Beck turned off the coffeepot and the kitchen light, then headed out to his Jeep, his phone in his hand. Once behind the wheel, he punched in the speed-dial for Hal Garrity as he backed out of his driveway. Hal, one-time chief of police in St. Dennis, Maryland, was now happily retired but always agreeable to working part-time hours in the summer when the tourists invaded the small town on the Chesapeake Bay. At sixty-five, he was still in fine shape, still took pride in being a good cop, and had no problem taking direction from his successor. After all, he’d been instrumental in hiring Beck.
Hal answered on the first ring. He was already on his way in to the station, but was just as happy to head out to the accident scene, and wouldn’t mind a stop at Krauser’s Auto Body to check up on that tow truck. Beck smiled when the call ended. As much as Hal loved retirement, he sure did love playing cop now and then.
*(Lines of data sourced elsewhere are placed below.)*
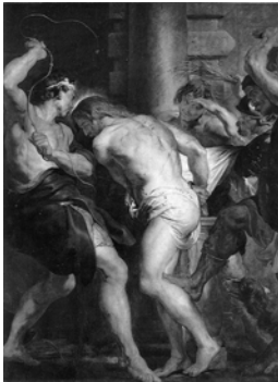
By Peter Paul Rubens

Pilate first had Jesus scourged, then he handed him over to be crucified. (Matt. 27:26; cf. Mark 15:15; John 19.1)
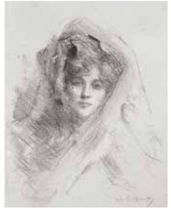
11. Unidentified Sitter . Lithograph. Signed. 10 x 7 inches. [50155c]
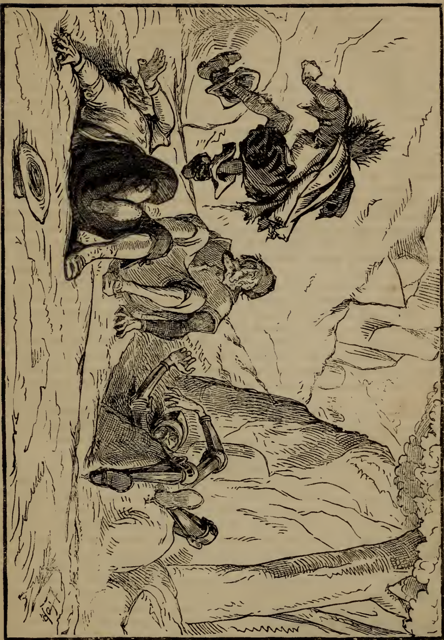
Unexpected conduct of the Tattered Knight.—PAGE 117.
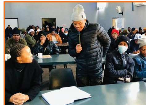
Youth participants from various police stations who attended the programme.
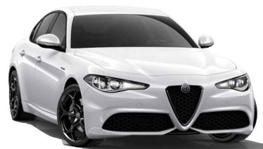
248 Trofeo White (Tri-Coat) Option
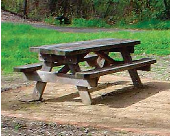
Bench Redwood $620.
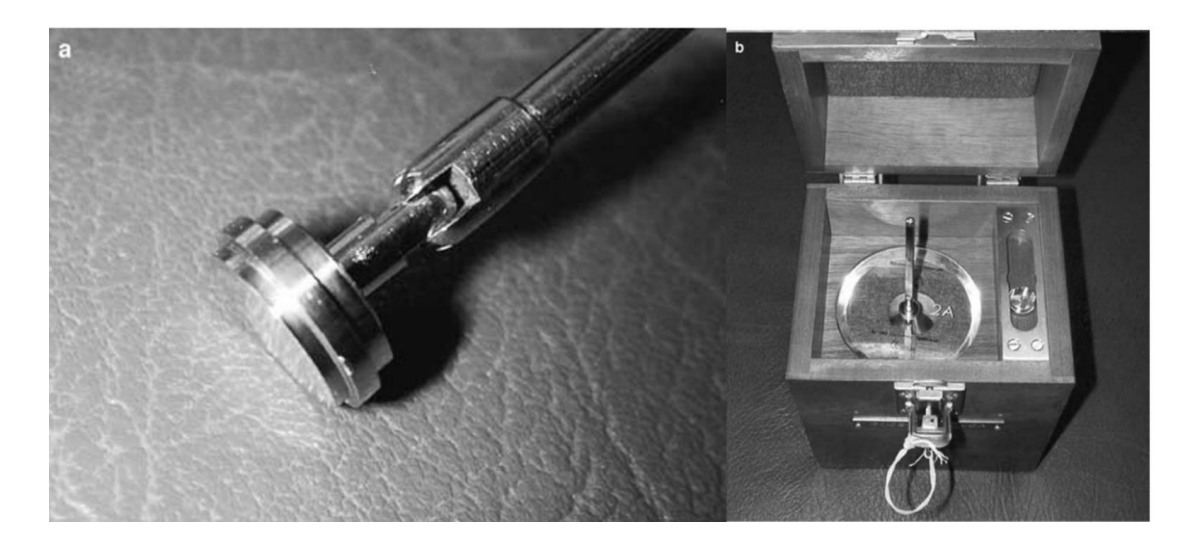
Fig. (1). (a) Tip of 90Sr emitter (Nycomed Amersham, UK). (b) The emitter in a protective case with a lid open to reveal the emitter handle and perspex shield.
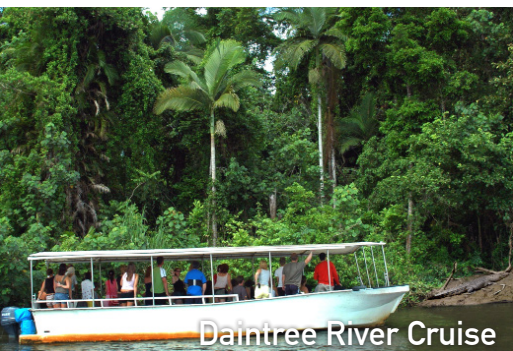
Daintree River Cruise
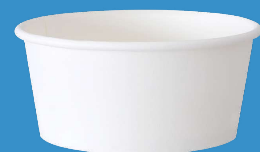
White Paper Container 1000ml
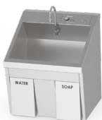
SS32 Single Station
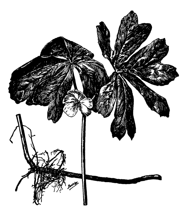
May-apple (Podophyllum Pellatum), Upper Portion of Plant with Flower and Rootstock.

DESCRIPTION OF PLANT —A patch of May-apple can be distinguished from afar, the smooth, dark-green foliage and close and
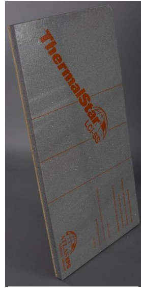
Figure 2: LCI-SS R7.5
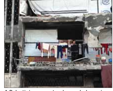
A Palestinian man stands on a balcony in a damaged building where he shelters in Beit Lahia in the northern Gaza Strip, yesterday.

Israel ordered an immediate halt to Gaza's electricity supply yesterday in an effort to pressure Hamas into releasing the remaining hostages, even as it prepared for fresh talks on the future of its truce with the Palestinian resistance movement. Israel's decision comes a week after it blocked all aid supplies to the war-battered territory, a move reminiscent of the initial days of the war when Israel announced a "siege" on Gaza. The truce's initial phase ended on March 1 and both sides have refrained from returning to all-out war, despite sporadic violence. Hamas has repeatedly called for an immediate start to negotiations on the ceasefire's second phase, which was negotiated by the US, Qatar and Egypt, aiming to end the war permanently. Israel says it prefers extending phase one until mid-April, and halted aid to Gaza over the impasse. Yesterday it ordered a cut in the electricity supply. "I have just signed the order to stop supplying electricity immediately to the Gaza Strip," Energy Minister Eli Cohen said in a video statement. The sole power line between Israel and Gaza supplies the main desalination plant, and Gazans mainly rely now on solar panels and fuel-powered generators to produce electricity. Public Broadcaster Kan reported Monday Israel has drafted plans to ramp up pressure under a scheme dubbed the "Hell Plan". This included following up the aid block
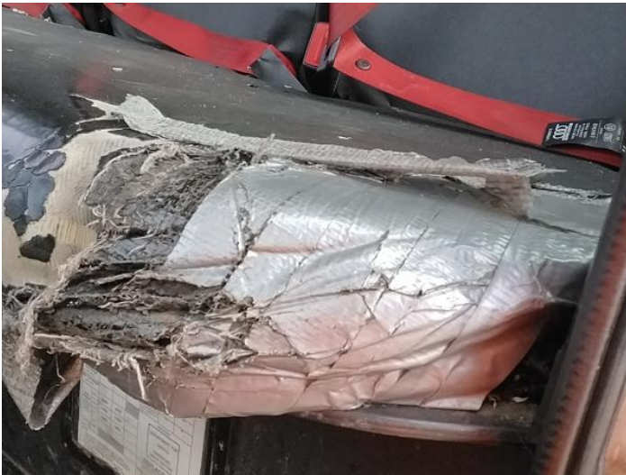
17: Seat Base Cover nsf Torn Over 3mm
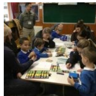
Year 1 Understanding Place Value
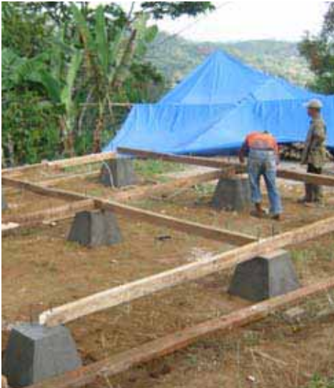
A good foundation is the basis of an earthquake resistant house.

The narrow streets of St. Dennis were waist-high in an eerie mist that had yet to be burned off by the still rising sun. Wisps of white, caught in the headlights, were tossed about by Beck’s old Jeep, the ragged pieces floating across Charles Street, the main road that ran through the village, from the highway straight on out to the bridge over the inlet that led to Cannonball Island. Here in the center of town all was unbroken silence. No other cars were on the street, no shops opened, no pedestrians passed by. All was still. Peaceful.
This was the St. Dennis Beck loved, the one he remembered when he thought about moving back two years ago. But, with all the renovations, and every available building being bought up and fixed up and turned into one fancy shop or another, the St. Dennis he’d known would someday be little more than a fond memory. Now, though, in the early morning hours, before the tourists came out and the shop lights went on, the village was his home again. Peaceful, the way it was supposed to be.
Except for that damned traffic accident out on the highway, and knowing that by nine this morning the first of the tourists would arrive. They would be eager to spend their money in the picturesque boutiques and crowd his peaceful streets as they did every day starting in the middle of April and going strong right on through till Christmas. Today would be especially lively.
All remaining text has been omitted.